Supplied information:

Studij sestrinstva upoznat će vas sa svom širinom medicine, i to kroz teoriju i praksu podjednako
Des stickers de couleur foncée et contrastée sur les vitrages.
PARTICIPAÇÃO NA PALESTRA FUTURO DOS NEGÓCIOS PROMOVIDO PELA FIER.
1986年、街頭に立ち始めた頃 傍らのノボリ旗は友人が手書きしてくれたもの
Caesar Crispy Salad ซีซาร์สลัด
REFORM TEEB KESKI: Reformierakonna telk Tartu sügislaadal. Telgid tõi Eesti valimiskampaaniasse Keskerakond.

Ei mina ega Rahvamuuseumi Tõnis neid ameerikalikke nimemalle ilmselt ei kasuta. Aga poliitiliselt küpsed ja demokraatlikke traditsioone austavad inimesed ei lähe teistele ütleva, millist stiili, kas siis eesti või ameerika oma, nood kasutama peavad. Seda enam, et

--

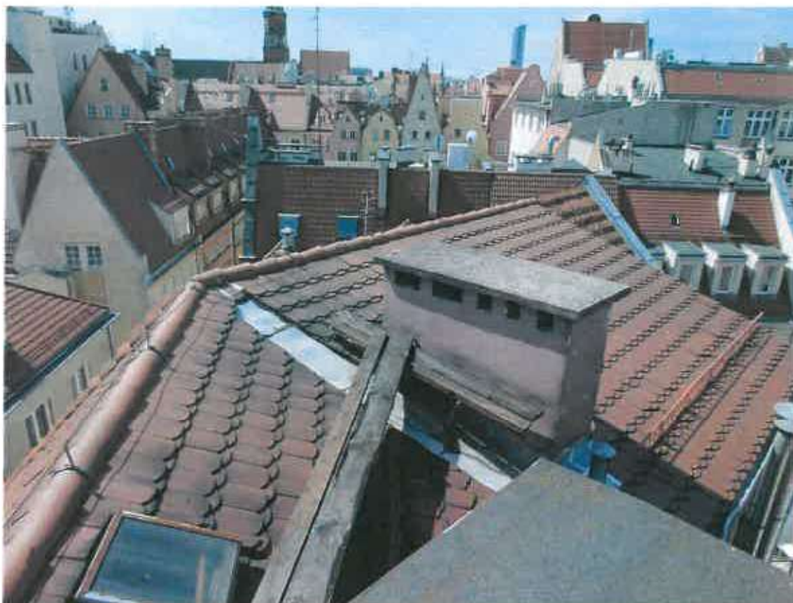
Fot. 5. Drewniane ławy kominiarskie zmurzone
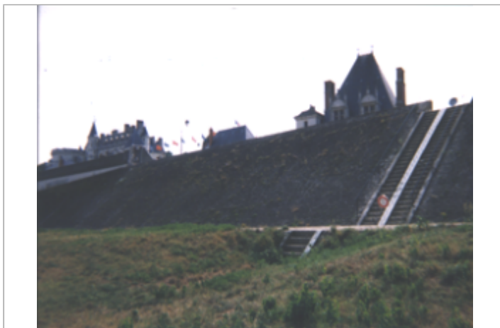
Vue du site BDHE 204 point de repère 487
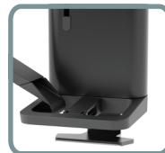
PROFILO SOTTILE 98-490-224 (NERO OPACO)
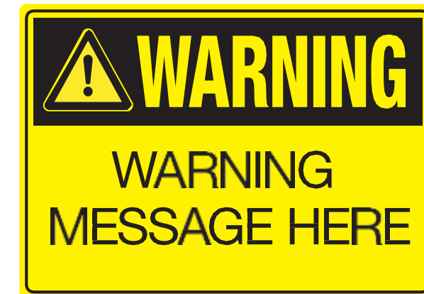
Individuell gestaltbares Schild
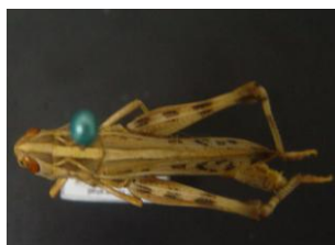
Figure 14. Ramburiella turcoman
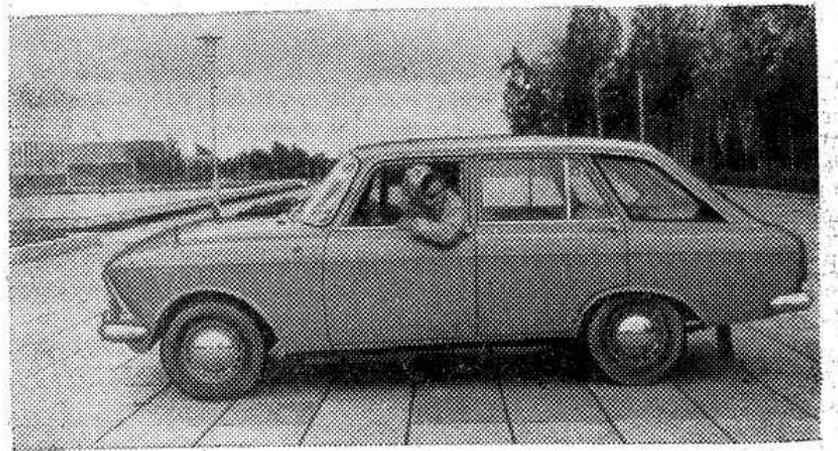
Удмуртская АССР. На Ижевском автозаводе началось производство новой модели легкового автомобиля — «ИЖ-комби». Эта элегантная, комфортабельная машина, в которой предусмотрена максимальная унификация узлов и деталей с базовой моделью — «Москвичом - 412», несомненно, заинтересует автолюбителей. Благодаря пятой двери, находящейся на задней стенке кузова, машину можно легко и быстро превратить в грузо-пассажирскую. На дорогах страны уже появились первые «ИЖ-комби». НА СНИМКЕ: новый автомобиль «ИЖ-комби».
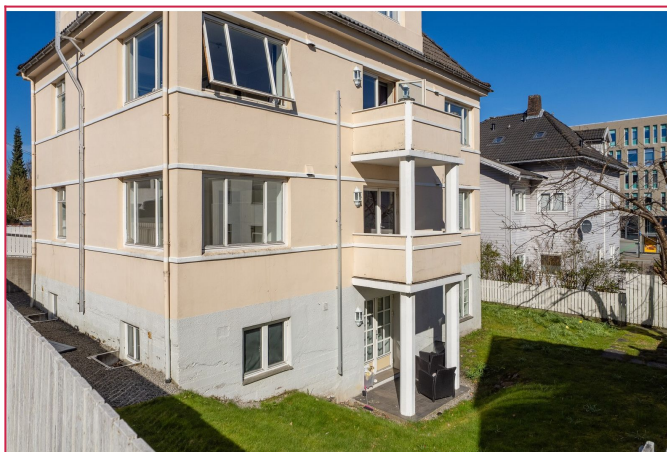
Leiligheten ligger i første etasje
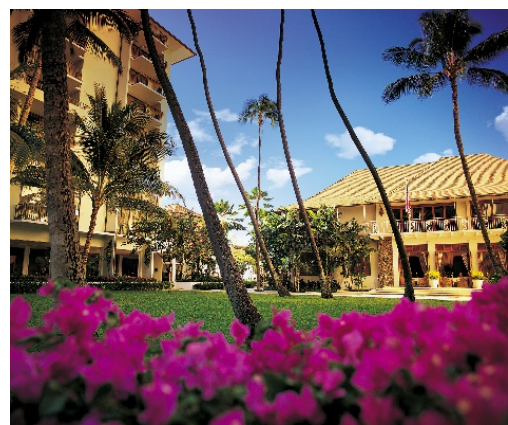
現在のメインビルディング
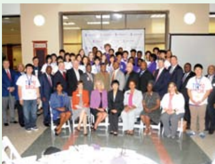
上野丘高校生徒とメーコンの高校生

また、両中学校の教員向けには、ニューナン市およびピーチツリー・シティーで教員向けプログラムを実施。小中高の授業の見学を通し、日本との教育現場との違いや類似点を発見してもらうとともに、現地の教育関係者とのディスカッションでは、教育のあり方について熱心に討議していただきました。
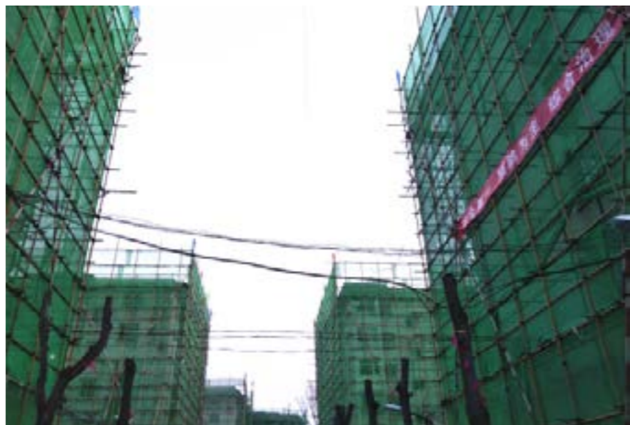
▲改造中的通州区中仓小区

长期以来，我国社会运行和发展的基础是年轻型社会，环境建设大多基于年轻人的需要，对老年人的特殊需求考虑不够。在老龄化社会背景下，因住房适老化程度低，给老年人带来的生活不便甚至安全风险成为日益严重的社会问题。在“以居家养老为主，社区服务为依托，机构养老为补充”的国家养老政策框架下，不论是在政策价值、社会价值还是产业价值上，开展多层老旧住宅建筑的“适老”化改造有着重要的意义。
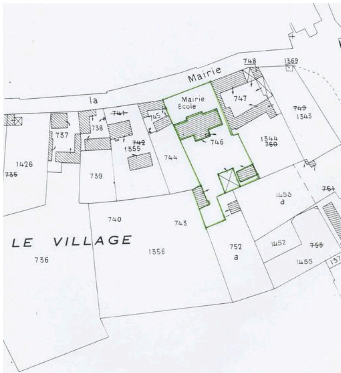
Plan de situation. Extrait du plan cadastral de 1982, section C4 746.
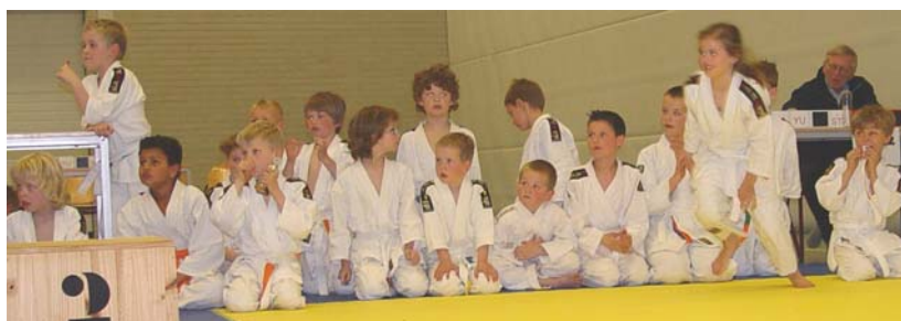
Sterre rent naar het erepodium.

* * *

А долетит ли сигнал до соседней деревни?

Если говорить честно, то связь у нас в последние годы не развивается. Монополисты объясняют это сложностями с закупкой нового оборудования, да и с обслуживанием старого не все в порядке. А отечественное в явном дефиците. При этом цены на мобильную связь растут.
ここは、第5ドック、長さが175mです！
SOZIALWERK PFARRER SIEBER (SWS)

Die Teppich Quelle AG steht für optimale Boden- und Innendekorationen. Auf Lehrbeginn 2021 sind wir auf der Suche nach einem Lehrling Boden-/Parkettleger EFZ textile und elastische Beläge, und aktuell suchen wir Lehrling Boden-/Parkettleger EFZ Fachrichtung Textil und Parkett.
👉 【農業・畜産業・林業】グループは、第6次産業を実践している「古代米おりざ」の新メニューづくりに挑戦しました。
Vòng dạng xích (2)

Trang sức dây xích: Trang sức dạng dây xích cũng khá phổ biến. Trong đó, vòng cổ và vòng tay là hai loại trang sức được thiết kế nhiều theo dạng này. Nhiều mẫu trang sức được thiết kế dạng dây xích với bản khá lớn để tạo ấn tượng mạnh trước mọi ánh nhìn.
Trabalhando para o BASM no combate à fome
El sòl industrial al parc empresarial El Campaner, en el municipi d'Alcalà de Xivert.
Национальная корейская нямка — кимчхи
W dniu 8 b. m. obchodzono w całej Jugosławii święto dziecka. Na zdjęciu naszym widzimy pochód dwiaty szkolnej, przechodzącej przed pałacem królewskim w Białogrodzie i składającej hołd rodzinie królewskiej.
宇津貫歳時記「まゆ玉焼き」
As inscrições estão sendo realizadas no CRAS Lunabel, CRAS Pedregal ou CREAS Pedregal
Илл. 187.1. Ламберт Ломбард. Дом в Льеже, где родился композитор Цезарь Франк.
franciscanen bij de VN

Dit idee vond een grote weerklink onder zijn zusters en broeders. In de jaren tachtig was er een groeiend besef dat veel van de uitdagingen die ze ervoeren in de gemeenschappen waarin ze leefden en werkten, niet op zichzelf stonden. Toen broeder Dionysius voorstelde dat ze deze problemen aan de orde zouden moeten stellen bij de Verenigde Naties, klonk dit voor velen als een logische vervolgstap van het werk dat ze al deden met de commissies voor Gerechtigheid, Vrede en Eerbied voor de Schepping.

What the exercise asks: Give again, word for word, every line of the listing above from the one with "Если говорить честно, то" to the one with "Dit idee vond", both inclusive, and nothing beyond them.

Result of this exercise:
Если говорить честно, то связь у нас в последние годы не развивается. Монополисты объясняют это сложностями с закупкой нового оборудования, да и с обслуживанием старого не все в порядке. А отечественное в явном дефиците. При этом цены на мобильную связь растут.
ここは、第5ドック、長さが175mです！
SOZIALWERK PFARRER SIEBER (SWS)

Die Teppich Quelle AG steht für optimale Boden- und Innendekorationen. Auf Lehrbeginn 2021 sind wir auf der Suche nach einem Lehrling Boden-/Parkettleger EFZ textile und elastische Beläge, und aktuell suchen wir Lehrling Boden-/Parkettleger EFZ Fachrichtung Textil und Parkett.
👉 【農業・畜産業・林業】グループは、第6次産業を実践している「古代米おりざ」の新メニューづくりに挑戦しました。
Vòng dạng xích (2)

Trang sức dây xích: Trang sức dạng dây xích cũng khá phổ biến. Trong đó, vòng cổ và vòng tay là hai loại trang sức được thiết kế nhiều theo dạng này. Nhiều mẫu trang sức được thiết kế dạng dây xích với bản khá lớn để tạo ấn tượng mạnh trước mọi ánh nhìn.
Trabalhando para o BASM no combate à fome
El sòl industrial al parc empresarial El Campaner, en el municipi d'Alcalà de Xivert.
Национальная корейская нямка — кимчхи
W dniu 8 b. m. obchodzono w całej Jugosławii święto dziecka. Na zdjęciu naszym widzimy pochód dwiaty szkolnej, przechodzącej przed pałacem królewskim w Białogrodzie i składającej hołd rodzinie królewskiej.
宇津貫歳時記「まゆ玉焼き」
As inscrições estão sendo realizadas no CRAS Lunabel, CRAS Pedregal ou CREAS Pedregal
Илл. 187.1. Ламберт Ломбард. Дом в Льеже, где родился композитор Цезарь Франк.
franciscanen bij de VN

Dit idee vond een grote weerklink onder zijn zusters en broeders. In de jaren tachtig was er een groeiend besef dat veel van de uitdagingen die ze ervoeren in de gemeenschappen waarin ze leefden en werkten, niet op zichzelf stonden. Toen broeder Dionysius voorstelde dat ze deze problemen aan de orde zouden moeten stellen bij de Verenigde Naties, klonk dit voor velen als een logische vervolgstap van het werk dat ze al deden met de commissies voor Gerechtigheid, Vrede en Eerbied voor de Schepping.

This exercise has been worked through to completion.